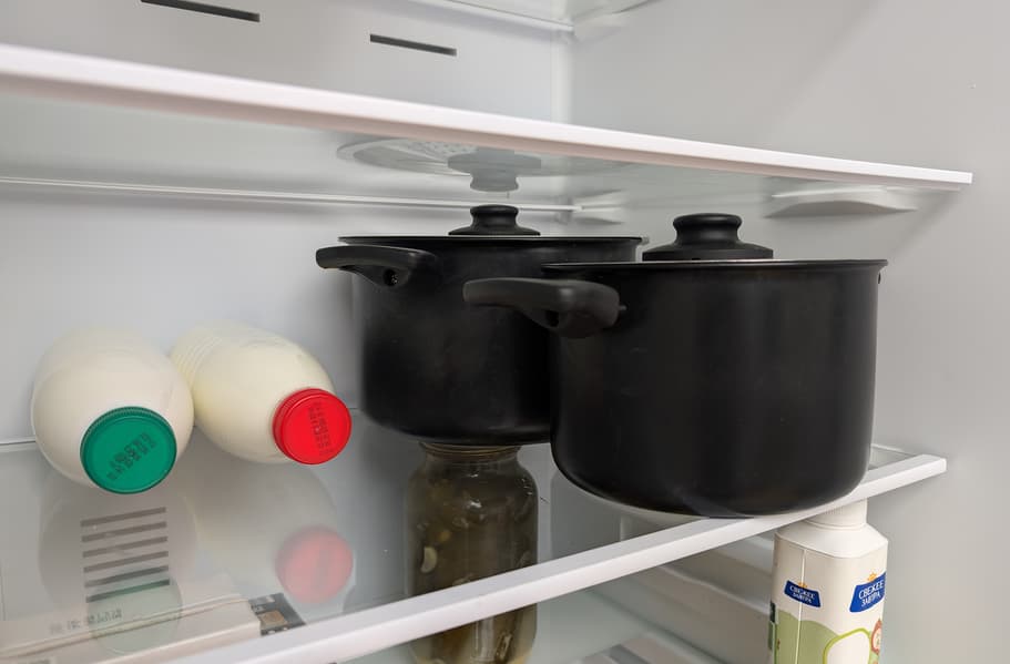 Глубина полок позволяет разместить рядом трех- и пятилитровую кастрюли — не только поперек камеры, но и вдоль нее. Оставшегося места вполне достаточно для беспрепятственного закрытия дверцы.
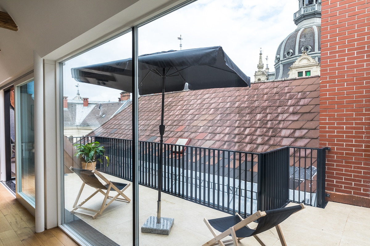 This Penthouse could NOT be more central! The apartment has one bedroom, one sofa bed and a large living room/kitchen, which offer a truly luxurious experience. It has a fully equipped kitchen and a direct access to a beautiful terrace. The modern and tastefully furnished living room invites you to sit back, relax and let the time go by. In addition, the apartment has a flat screen TV, high-speed internet and air conditioning. Enjoy a fantastic experience in Graz at this centrally-located place.
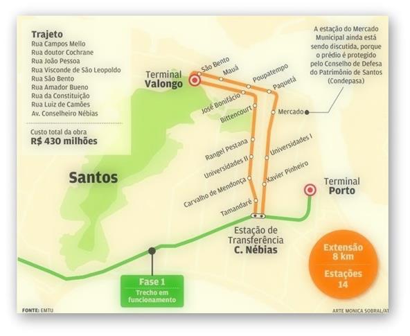 Ainda conforme ele, a estação do Mercado Municipal ainda está sendo discutida porque o prédio é protegido pelo Conselho de Defesa do Patrimônio de Santos (Condepasa): “Não sei como se vai resolver aquilo. Mas se não tiver jeito não é problema; a gente tira a estação”, esclareceu.
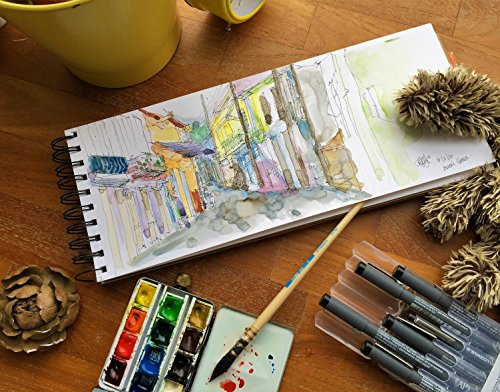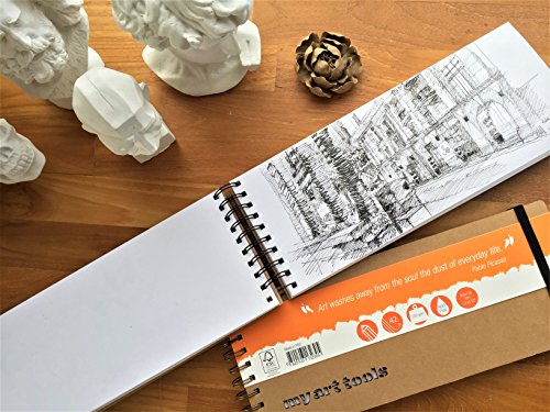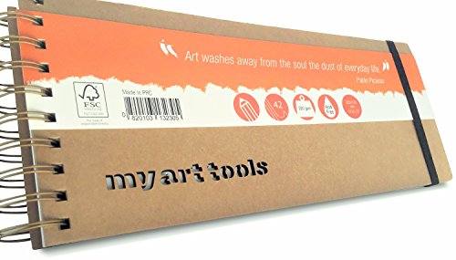 220 gsm, 13 x 5.5 inch, 84 pgs, My Art Tools different perspective journal, spiral bound notebook in unique landscape paper format , a mixed media book address various needs of contemporary artists

▶ WORK ORDER
Restate the material above word for word; pictures do not belong in the copy.

▶ ANSWER TO THIS PROBLEM
 Глубина полок позволяет разместить рядом трех- и пятилитровую кастрюли — не только поперек камеры, но и вдоль нее. Оставшегося места вполне достаточно для беспрепятственного закрытия дверцы.
 This Penthouse could NOT be more central! The apartment has one bedroom, one sofa bed and a large living room/kitchen, which offer a truly luxurious experience. It has a fully equipped kitchen and a direct access to a beautiful terrace. The modern and tastefully furnished living room invites you to sit back, relax and let the time go by. In addition, the apartment has a flat screen TV, high-speed internet and air conditioning. Enjoy a fantastic experience in Graz at this centrally-located place.
 Ainda conforme ele, a estação do Mercado Municipal ainda está sendo discutida porque o prédio é protegido pelo Conselho de Defesa do Patrimônio de Santos (Condepasa): “Não sei como se vai resolver aquilo. Mas se não tiver jeito não é problema; a gente tira a estação”, esclareceu.
 220 gsm, 13 x 5.5 inch, 84 pgs, My Art Tools different perspective journal, spiral bound notebook in unique landscape paper format , a mixed media book address various needs of contemporary artists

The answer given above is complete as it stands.